0498We have come to understand how we process food: some find they have intolerances to gluten, or peanuts, or dairy. If we indulge in what we are intolerant to, we won’t feel well. It is the same with higher energies in spiritual development. At first, we aren’t used to them, and we can’t be with them for long. Over time, and repetition, we develop an ability to handle more and more higher energies, and, in the doing, learn how to translate their intelligences. Once we are more developed, it is the lower energies that we will find ourselves intolerant to: such as judgment, criticism, and other types of coarseness that we no longer want to be around. (At the end of this post there are instructions and a link to download this recording to your computer.)

Jeane: So it felt like I had a dream, and then it felt like there was a shift where I was trying to be a little more in the body. And then I would lose the dream because I was trying to figure out something that worked both for being in the body, and for being wherever I was on the other side.

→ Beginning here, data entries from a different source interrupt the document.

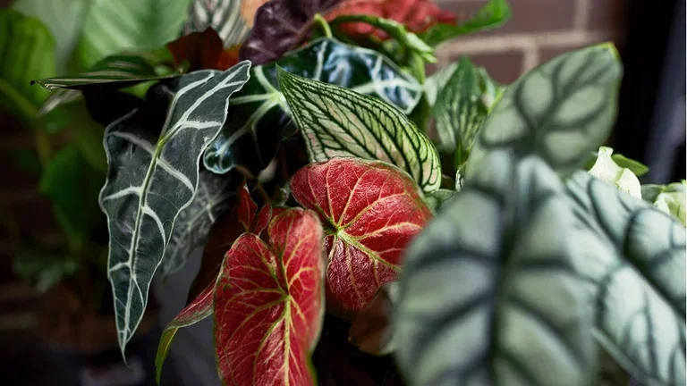I växtfamiljen alocasia hittar vi många spännande mönster och även former på bladen, till exempel zebrablad, amazonblad, marmorblad och radiatorört.
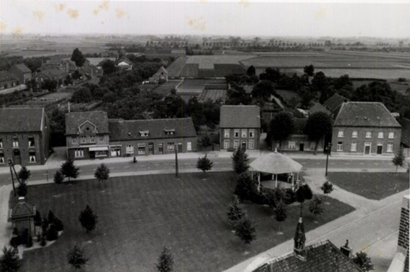 De noord-zijde van het Mariaplein ca. 10 jaren na de oorlog, met links de bakkerij Peters.
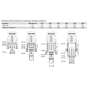 Strešné ventilátory TPSB sa montujú montážnou základňou na vodorovné strešné konštrukcie alebo stavebne pripravené murované sokle. Ďalej je možné použiť sokle JMS a JBS.
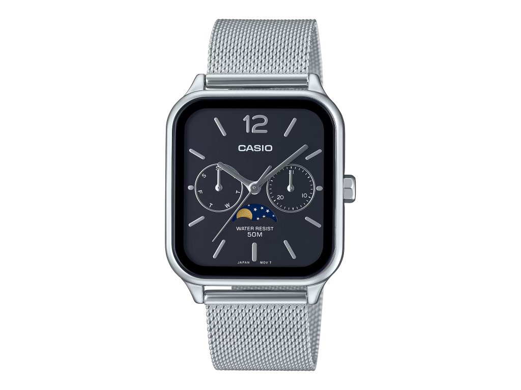 Model Casio MTP-M305M-1AV kombinuje klasický vzhled s dekorativním prvkem – ukazatelem fází měsíce (moon phase). Je ideální pro ty, kteří chtějí hodinky s charakterem, ale přitom v decentním provedení.
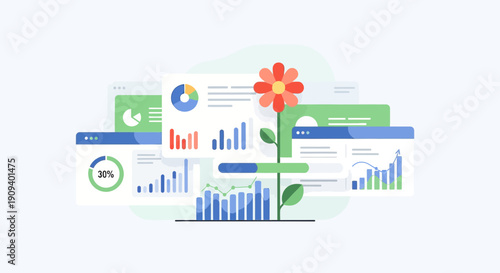 Financial Growth Concept: Blooming Flower on Data Charts Background
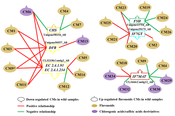 该研究获取了新疆一枝蒿不同品种的花、茎、枝叶部位的代谢组和转录组差异;筛选出34个品种相关化学标志物,包括黄酮类和苯丙素类化合物,其中19个为潜在新化合物;结合相关性分析和qPCR,验证了与24个化学标志物密切相关的6个差异表达基因。该研究结果为新疆一枝蒿质量控制提供了新的分子基础,也为其他药用植物学研究提供了方法学和研究思路的参考。
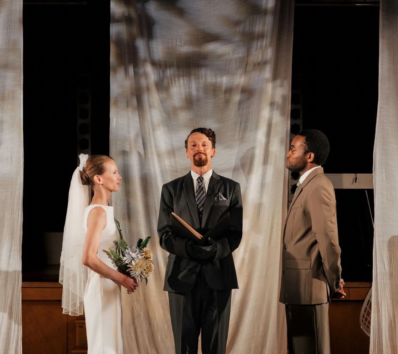 The audience is invited as wedding guests, and all the nuptial trappings are included, along with some fine cello work by Rita Dottor. We quickly understand it is a ruse to cover up a play that is unwelcome in some totalitarian regime that fixates on control of the arts.

And then I would have this struggle. I’d have to throw away some things I was doing here, or else what I was doing there, because it didn’t work once you were more in the body. And I was trying to figure out what actually did work, for when you were in the body, and to pull things from there, you know, and so it was kind of a struggle because then I would forget the dream because what was involved with this struggle was trying to get something to work both places.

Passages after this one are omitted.